*Work instruction*: A verbatim copy of the records is required, with all pictures left out.

*Records*:
[Start of Attachment]
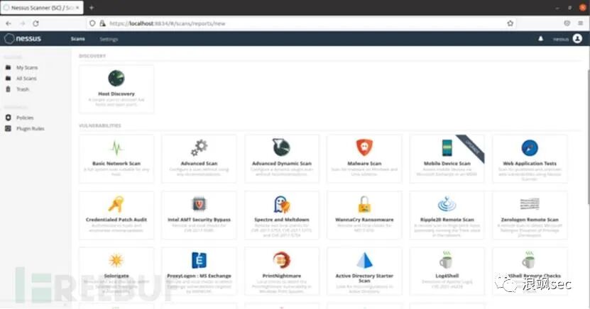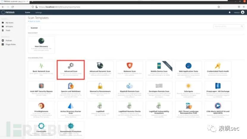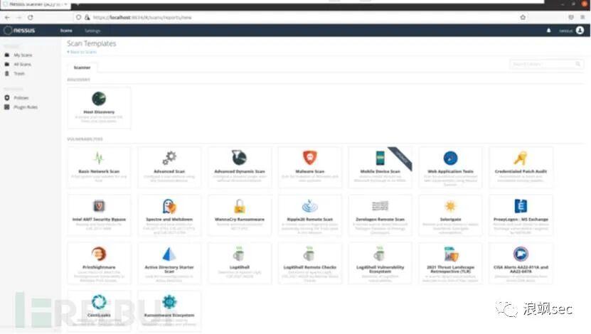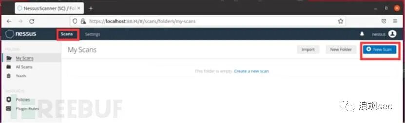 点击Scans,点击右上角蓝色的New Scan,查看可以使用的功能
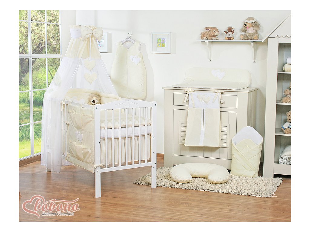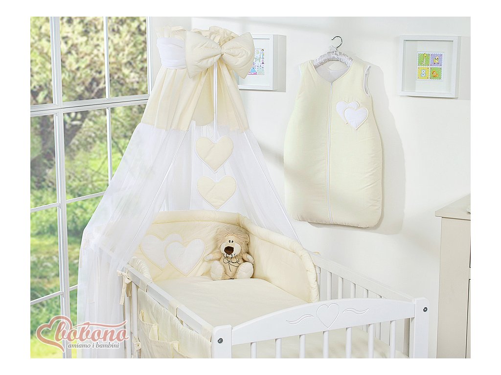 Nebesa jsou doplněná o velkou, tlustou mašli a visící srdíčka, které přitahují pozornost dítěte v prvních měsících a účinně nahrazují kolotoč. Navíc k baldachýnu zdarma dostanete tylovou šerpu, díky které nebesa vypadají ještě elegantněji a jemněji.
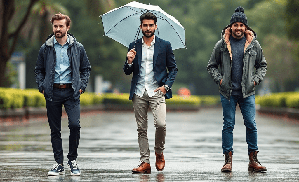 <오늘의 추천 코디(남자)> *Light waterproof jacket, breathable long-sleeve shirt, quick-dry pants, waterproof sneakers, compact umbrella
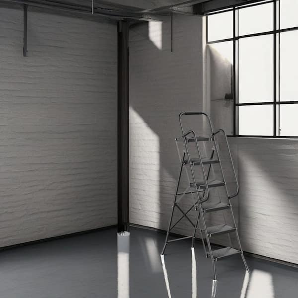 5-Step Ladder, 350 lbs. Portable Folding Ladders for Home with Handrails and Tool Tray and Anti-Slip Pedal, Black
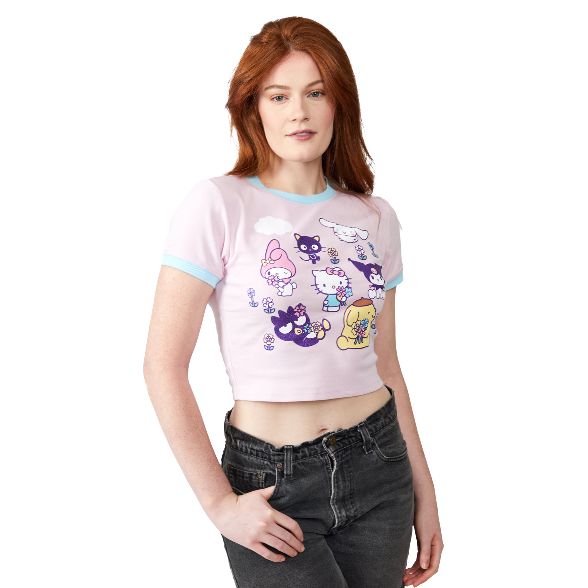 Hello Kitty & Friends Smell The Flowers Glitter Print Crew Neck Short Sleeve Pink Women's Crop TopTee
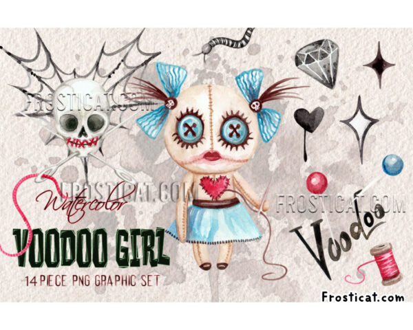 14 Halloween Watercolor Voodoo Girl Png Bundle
[End of Attachment]
*Reply to the exercise*:
 点击Scans,点击右上角蓝色的New Scan,查看可以使用的功能
 Nebesa jsou doplněná o velkou, tlustou mašli a visící srdíčka, které přitahují pozornost dítěte v prvních měsících a účinně nahrazují kolotoč. Navíc k baldachýnu zdarma dostanete tylovou šerpu, díky které nebesa vypadají ještě elegantněji a jemněji.
 <오늘의 추천 코디(남자)> *Light waterproof jacket, breathable long-sleeve shirt, quick-dry pants, waterproof sneakers, compact umbrella
 5-Step Ladder, 350 lbs. Portable Folding Ladders for Home with Handrails and Tool Tray and Anti-Slip Pedal, Black
 Hello Kitty & Friends Smell The Flowers Glitter Print Crew Neck Short Sleeve Pink Women's Crop TopTee
 14 Halloween Watercolor Voodoo Girl Png Bundle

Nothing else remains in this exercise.